Include in the reply only the lines from the start of the data below through the line containing "RADARINDONESIANEWS.COM, ACEH –", reproduced exactly and with no pictures.

—————

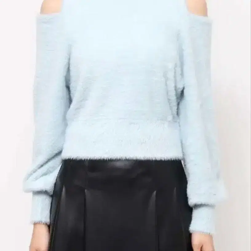 MERCURYDUO 오픈 숄더 미니 샤기 니트
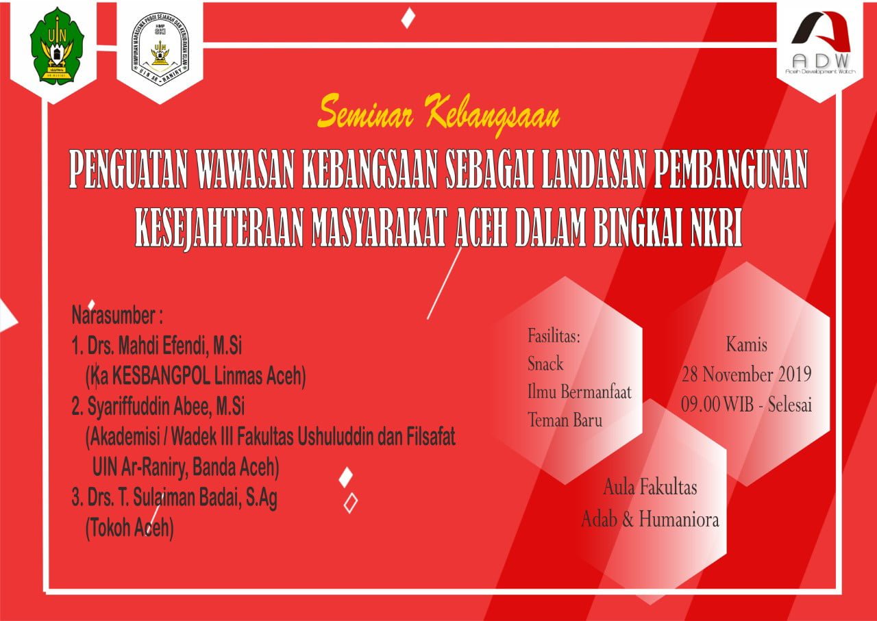 RADARINDONESIANEWS.COM, ACEH – Himpunan Mahasiswa Prodi Sejarah Kebudayaan Islam (HMP SKI) Fakultas Adab dan Humaniora UIN Ar-Raniry Banda Aceh bekerjasama dengan Aceh Development Wacht (ADW) akan menggelar diskusi publik dengan tema Penguatan Wawasan Kebangsaan sebagai Landasan Pembangunan Kesejahteraan Masyarakat Aceh dalam Bingkai NKRI.
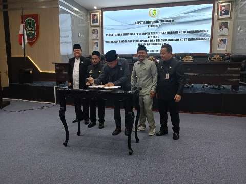 Banjarmasin,kalselpos.com – DPRD Kota Banjarmasin bersama Pemerintah kota setempat, akhirnya menetapkan Rancangan Anggaran Pengeluaran dan Belanja Daerah (APBD) Perubahan tahun 2023 menjadi Perda, Senin (11/9) pada rapat Paripurna, di ruang utama gedung dewan.
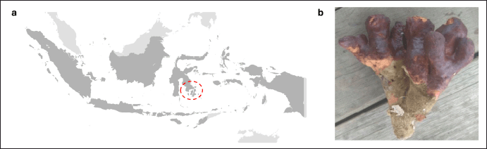 ![]() | Figure 1. Theonella sp. taken from waters around Saponda Island, Konawe Regency, Southeast Sulawesi, Indonesia. (a) Map of Indonesia indicating the location of sponge collection (red dashed circle); (b) photograph of the collected sponge Theonella sp. [Click here to view] |
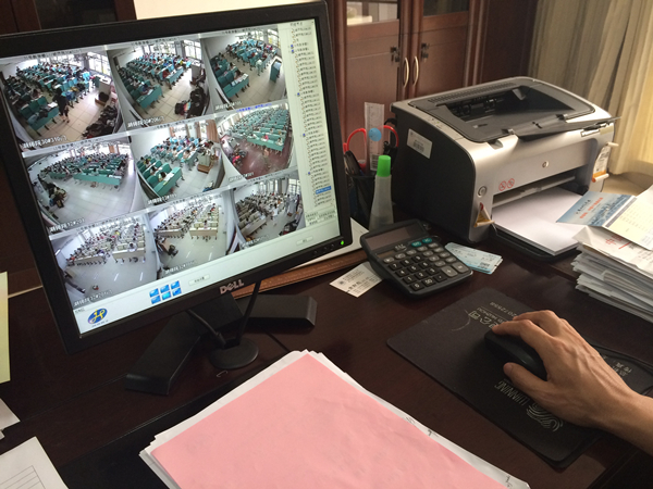 我校今年期末考试首次启用标准化考场,在视频指挥中心全程调看考场的考试实况,考试情况全过程录像、存档,如果考生对违规行为有异议,也可通过存档录像查看。
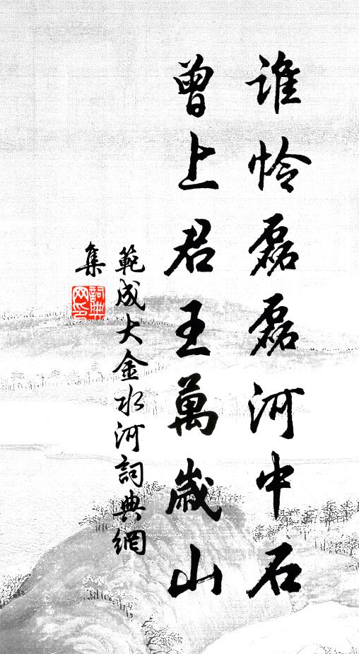 古詩文歷史字典書法欣賞書法字典國語詞典說文解字康熙字典古漢語字典誰憐磊磊河中石,曾上君王萬歲山范成大 《金水河》名句出處出自宋代范成大的《金水河》全文:菜市橋西一水環,宮牆依舊俯清灣。誰憐磊磊河中石,曾上君王萬歲山。范成大詩詞大全名句書法欣賞誰憐磊磊河中石,曾上君王萬歲山書法作品范成大名句,金水河名句名句推薦屈指吾生餘幾,多病故人痛飲,此事正愁餘辛棄疾《水調歌頭(送太守王秉)》重陽登閏序,上界葉時巡劉憲《閏九月九日幸總持寺登浮圖應制》淮陽名都會,爽塏太昊墟張耒《冬日放言二十一首》重門寂寂經初夏,盡日垂簾細雨中寇準《初夏雨中》那知鐵馬浮江日,卻是神僧建塔功羅公升《燕城讀史》湔裙獨上小漁磯,襪羅微濺春泥顧貞觀《畫堂春·湔裙獨上小漁磯》憑誰同把酒,清興窅相望司馬光《館宿遇雨懷諸同舍》彩雲空洞穴,古木上藤蘿郭印《游酆都觀二首》飲罷襟懷還寂寞,歡余情緒卻無聊邵雍《和商守新歲》自此春秋筆,還書大有年宋祁《南郊祠所上章攝事二首》又見雁南飛,行人幾風歸胡宏《憶伯氏三首》處世若大夢,胡為勞其生李白《春日醉起言志》已驚弱柳萬絲垂,尚有殘梅一枝亞蘇軾《定惠院寓居月夜偶出》觀上又分明月影,漫漫長夜與誰論王奕《見陳月觀二首》北禪釋子應相笑,樹癭多年變木鵝李廌《楊十三虞卿在希顏上人房納涼余時在村舍歸和》詩詞推薦赤壁詞(招韓無咎游金山)陸游〔宋代〕禁門鍾曉,憶君來朝路,初翔鸞鵠。西府中台推獨步,行對金蓮宮燭。蹙繡華韉,仙葩寶帶,看即飛騰速。人生難左目痛六言九首劉克莊〔宋代〕詩到歌行尤妙,傳與國語並行。艱辛張籍病瞎,浮誇左丘失明。句諶祜〔宋代〕五更歷轉花紅在,萬里晴光草綠敷。和鄭校書夏日游鄭泉劉得仁〔唐代〕太虛懸畏景,古木蔽清陰。爰有泉堪挹,閒思日可尋。來聞鳴滴滴,照竦碧沈沈。幾脈成溪壑,何人測淺深。澄時長安悶作李涉〔唐代〕宵分獨坐到天明,又策羸驂信腳行。每日除書空滿紙,不曾聞有介推名。庚午蛾眉亭張埴〔宋代〕漠漠西淮雲散,滔滔東海潮歸。鷗鳥飛來石壁,柳花撲上人衣。黃太守元授輓詞二首楊萬里〔宋代〕我忝通家子,公如父行親。一書雖不欠,半面遂無因。旅櫬千江遠,銘旌兩竹新。慶門寧有此,造物豈其仁。諸公載酒賀余休致水村農卿有詩次韻劉克莊〔宋代〕目眚陳編懶更窺,博通似恐泄天機。大愚苦要騎麟下,小黠猶能化鶴歸。覓句瘦肩兩山聳,絕糧乾咽上池肥。平生感寓三首戴復古〔宋代〕古今通一理,趨鄉自多門。賢士玉成美,貪夫金注昏。誰知身是患,人以道為尊。前輩□□死,姓名千載存。偈頌一百三十六首釋惟一〔宋代〕秋風捲地,秋水連天。千山影瘦,萬木蕭然。漁笛數聲江上月,樵歌一曲嶺頭煙。
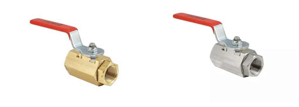 Left: A manual two-piece brass ball valve; Right: A manual two-piece stainless steel ball valve.
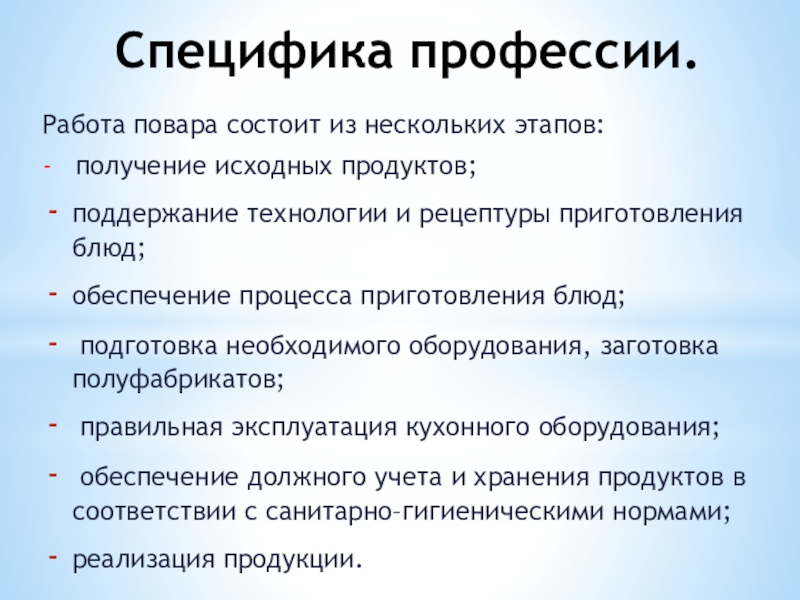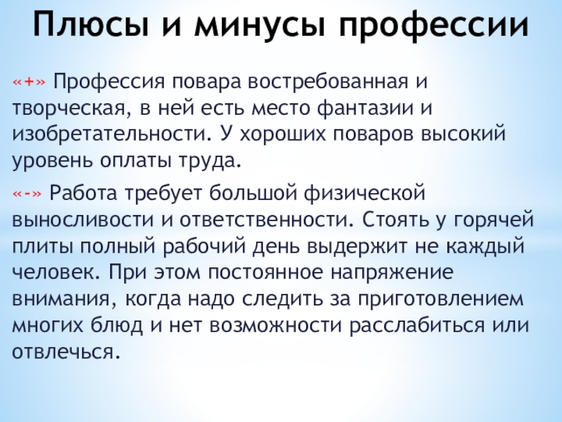 «-» Работа требует большой физической выносливости и ответственности. Стоять у горячей плиты полный рабочий день выдержит не каждый человек. При этом постоянное напряжение внимания, когда надо следить за приготовлением многих блюд и нет возможности расслабиться или отвлечься.
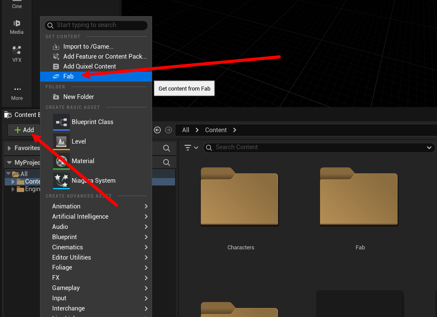 9)콘텐츠 브라우저에서 add를 클릭하고 Fab으로 이동합니다.

—————

=== Expected output ===
 MERCURYDUO 오픈 숄더 미니 샤기 니트
 RADARINDONESIANEWS.COM, ACEH – Himpunan Mahasiswa Prodi Sejarah Kebudayaan Islam (HMP SKI) Fakultas Adab dan Humaniora UIN Ar-Raniry Banda Aceh bekerjasama dengan Aceh Development Wacht (ADW) akan menggelar diskusi publik dengan tema Penguatan Wawasan Kebangsaan sebagai Landasan Pembangunan Kesejahteraan Masyarakat Aceh dalam Bingkai NKRI.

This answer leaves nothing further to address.